Fe, esperanza y amor. El apóstol Pablo nos enseña que estas tres cosas permanecen inmutables hasta el final de los tiempos (1° Corintios 13:13) y que contienen la fuerza para sacar a cualquier persona adelante. Es por eso que en el SDF acentuamos el mensaje de fe, sin la cual es imposible agradar a Dios (Hebreos 11:6). La fe es necesaria para todo, nada se obtiene sin ella. Enseñarle a la gente a usar su fe y desarrollarla para lo más cotidiano es nuestra misión. Junto con ella se halla la esperanza; esperar con fe y gozo aquello que todavía no tenemos o todavía no somos pero que sabemos que hemos de obtener (2° Tesalonicenses 2:16). A esto le llamamos “El mensaje de sueños y visiones”. Enseñamos a soñar. Los sueños y las visiones son expresiones a través de los cuales el Espíritu Santo se revela a nuestras vidas depositando un propósito definido por el cual luchar. Muchas personas viven desesperanzadas porque no hayan sentido a sus vidas, no encuentran un motivo por el cual valga la pena esforzarse, luchar; han perdido los sueños. El Salmo 126 nos enseña que una de las características de aquellos que conocen al Dios de la Biblia es que recuperan las ganas de soñar, de proyectarse, de ser visionarios. El SDF esta comprometido en ayudar a que cada persona identifique su sueño y aprenda a alcanzarlo y desarrollarlo al máximo. Por ultimo, aunque no por ello menos importante, sino todo lo contrario, esta el amor, el cual desde el SDF hemos decidido predicarlo con hechos concretos. Hemos descubierto que la mejor manera de predicar del amor de Cristo, del amor puro, es impartiéndolo. Muchas personas se llenan la boca hablando de amor, misericordia, unidad pero con sus hechos hacen todo lo contrario. Hay iglesias y pastores que se han olvidado de practicar el amor, para ellos todo pasa por los números, el éxito, los resultados, los logros, etc. Las personas son una mera estadística en sus registros. En el SDF nos interesa el crecimiento, el éxito, los resultados; seriamos mentirosos si lo negáramos, pero hemos entendido que todo lo que podamos hacer o lograr sin amor no vale nada, no es más que vanagloria ante Dios. Es por ello que nos esforzamos en mantener el amor puro a través de gestos concretos.

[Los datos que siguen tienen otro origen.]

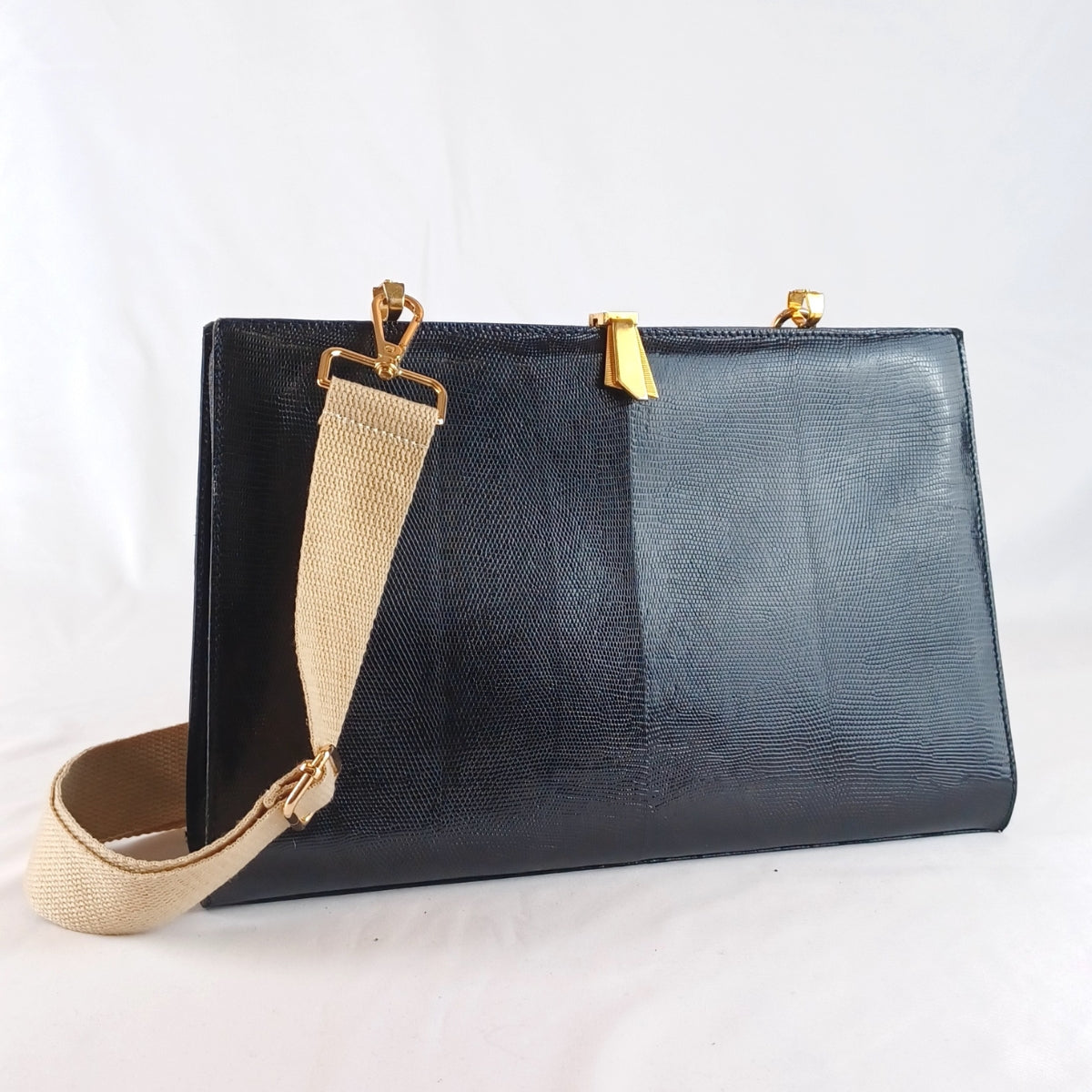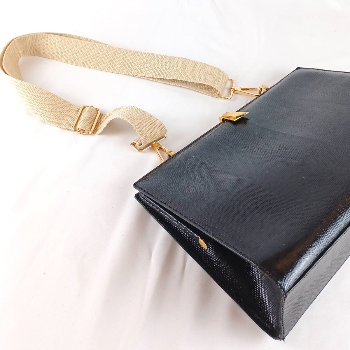 Bolso vintage original, confeccionado en cuero símil negro con acabado acharolado y delicado labrado artesanal.
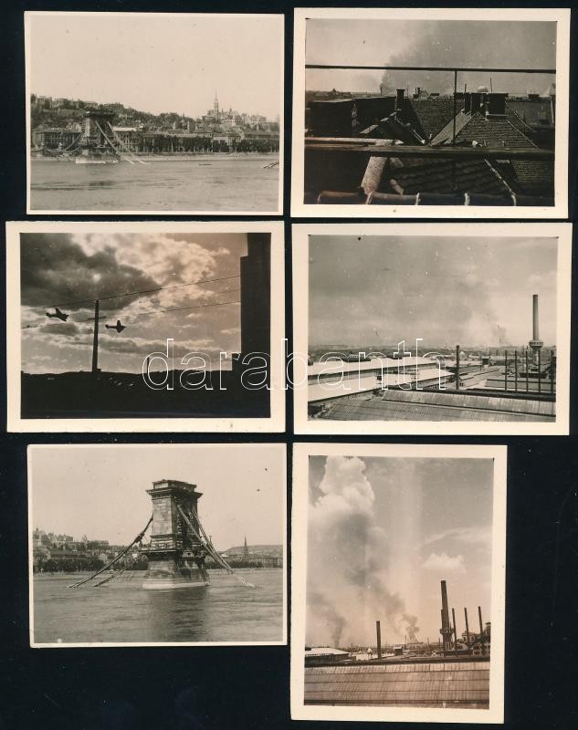 Beschreibung: cca 1944 Budapest, Csepel, A város és a Weiss Manfréd Acél- és Fémművek bombázása, 6 db fotó, 6x4,5 cm

Ninguno de nuestros pastores es “Vip”, ninguno es “Inaccesible”,  nuestros pastores son del pueblo y para el pueblo, tienen “olor a oveja” caminan entre ellas, las conocen, y se preocupan realmente por sus necesidades. Cualquier persona puede acercarse a hablar con el pastor, de hecho cada uno de ellos están para atender a cada persona en forma particular. Enseñamos asimismo a nuestros lideres y obreros a tratar bien a las personas, estimándolas como superiores a nosotros mismos (Filipenses 2:3). Cuando una persona entra a un SDF debe ser bien recibida y atendida, debe sentirse en un ambiente cálido y entre amigos, como si conociera a la gente de toda la vida de esta manera tendrá de deseos de regresar.